(Recorded information Opens)

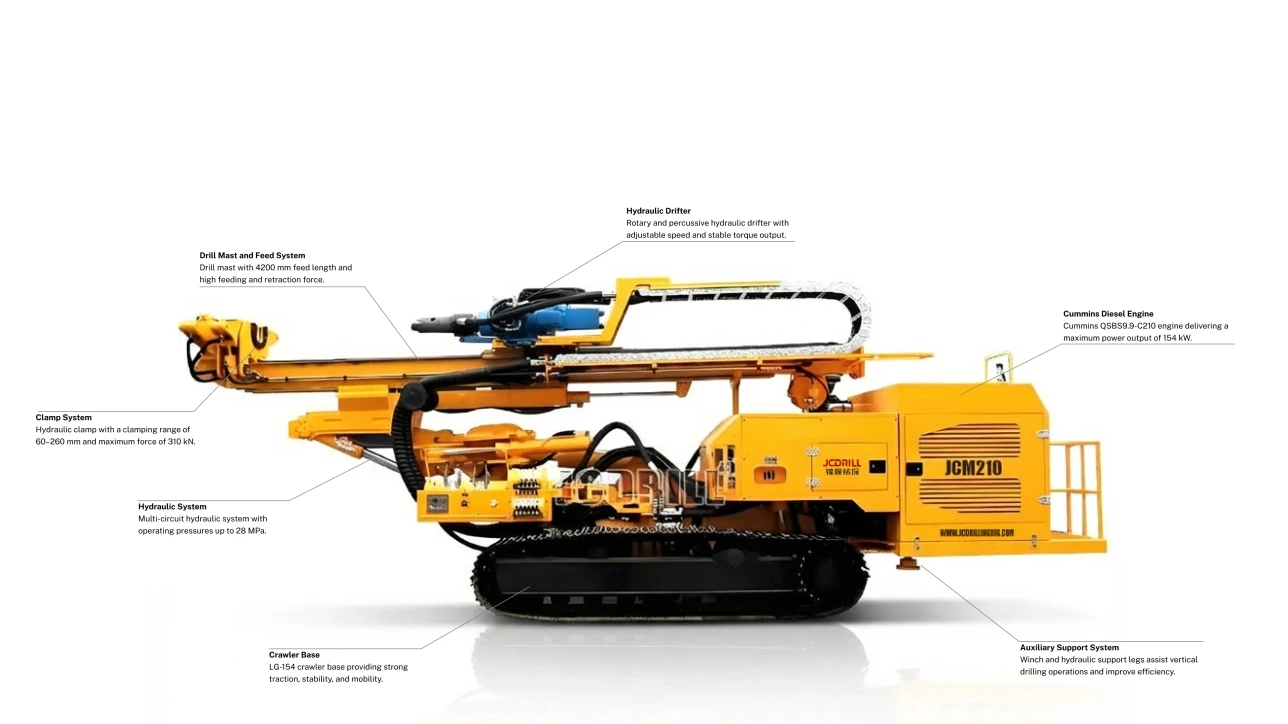 Powered by a 154 kW Cummins engine and equipped with a multi-circuit hydraulic system, the JCM210 delivers high torque of up to 8,600 N·m, smooth feed operation with 4200 mm stroke, and reliable, efficient penetration. Its fully hydraulic control enables precise, low-maintenance handling of all drilling, lifting, and positioning functions, making it ideal for slope stabilization, foundation reinforcement, tunnel anchoring, and other demanding civil engineering projects. Optional configurations include clamp sizes, auxiliary winches, and specialized hydraulic systems for customized construction requirements.
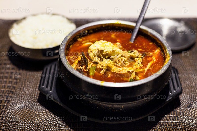 Юкгаежанг (острый суп из говядины) со ложкой и рисом
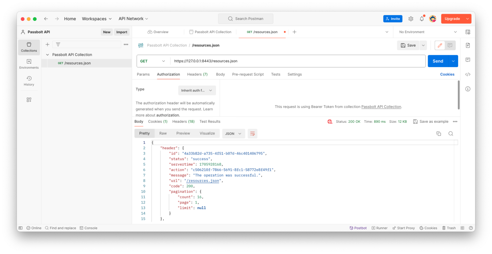 It is now time to create our first request. With this one we will list all of the resources present in passbolt for the user. You can let the default request type (GET) and enter the Passbolt API url `https://[yourdomain]/resources.json` . Then under authorization, make sure “Inherit auth from parent” is selected. Then you can click send and voila! Under the body you can see the response from the API.
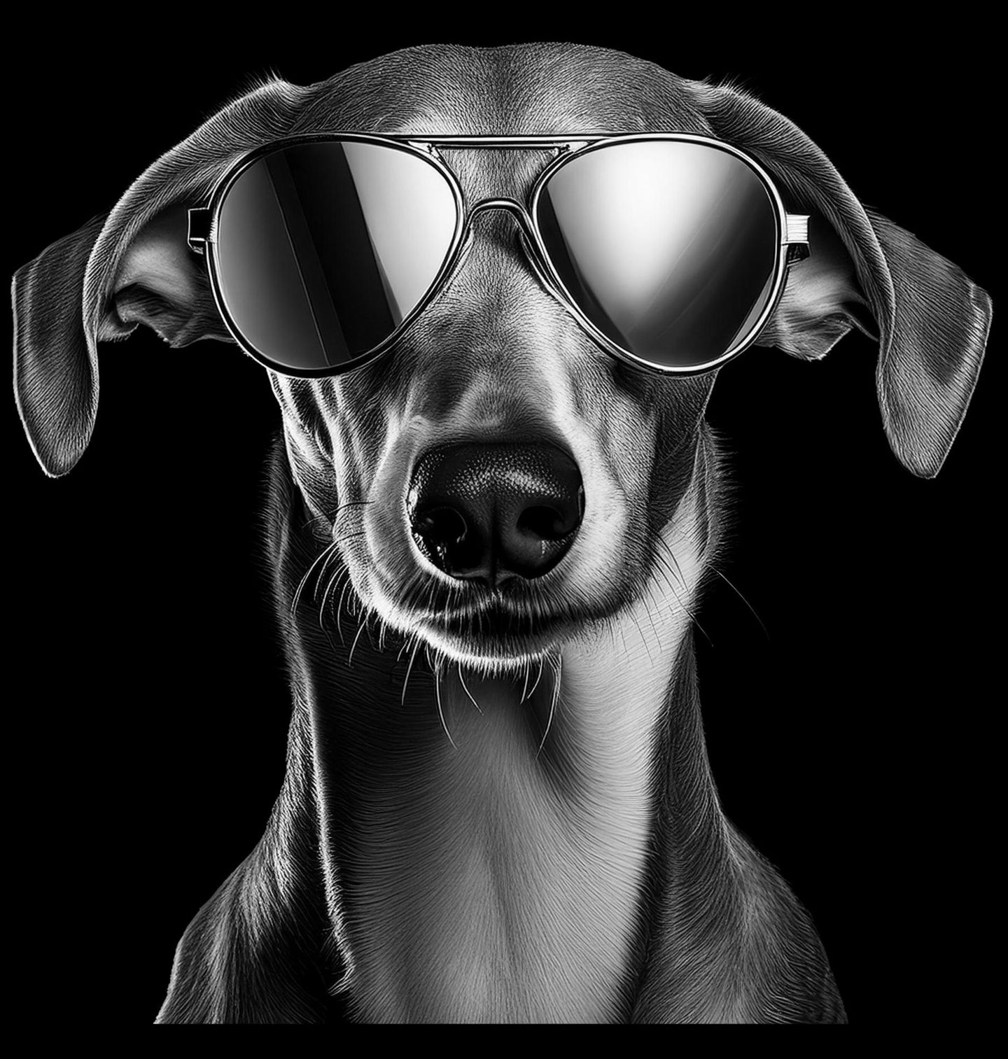 Dámské tričko Anglický chrt s Brýlemi. Tento pes je symbolem rychlosti, lehkosti a vytříbeného stylu, což z designu dělá originální doplněk pro každého, kdo miluje psy a minimalistický vzhled. Černobílé zpracování působí luxusně a snadno se kombinuje s každodenním outfitem. Každý pejskař ocení jedinečný motiv, který spojuje humor, eleganci a lásku ke čtyřnohým parťákům.

(Recorded information Closes)

The exact lines from the beginning of the data through the one that contains "It is now time" must be given again, both ends included, and pictures must be left out.

Problem solution ::
 Powered by a 154 kW Cummins engine and equipped with a multi-circuit hydraulic system, the JCM210 delivers high torque of up to 8,600 N·m, smooth feed operation with 4200 mm stroke, and reliable, efficient penetration. Its fully hydraulic control enables precise, low-maintenance handling of all drilling, lifting, and positioning functions, making it ideal for slope stabilization, foundation reinforcement, tunnel anchoring, and other demanding civil engineering projects. Optional configurations include clamp sizes, auxiliary winches, and specialized hydraulic systems for customized construction requirements.
 Юкгаежанг (острый суп из говядины) со ложкой и рисом
 It is now time to create our first request. With this one we will list all of the resources present in passbolt for the user. You can let the default request type (GET) and enter the Passbolt API url `https://[yourdomain]/resources.json` . Then under authorization, make sure “Inherit auth from parent” is selected. Then you can click send and voila! Under the body you can see the response from the API.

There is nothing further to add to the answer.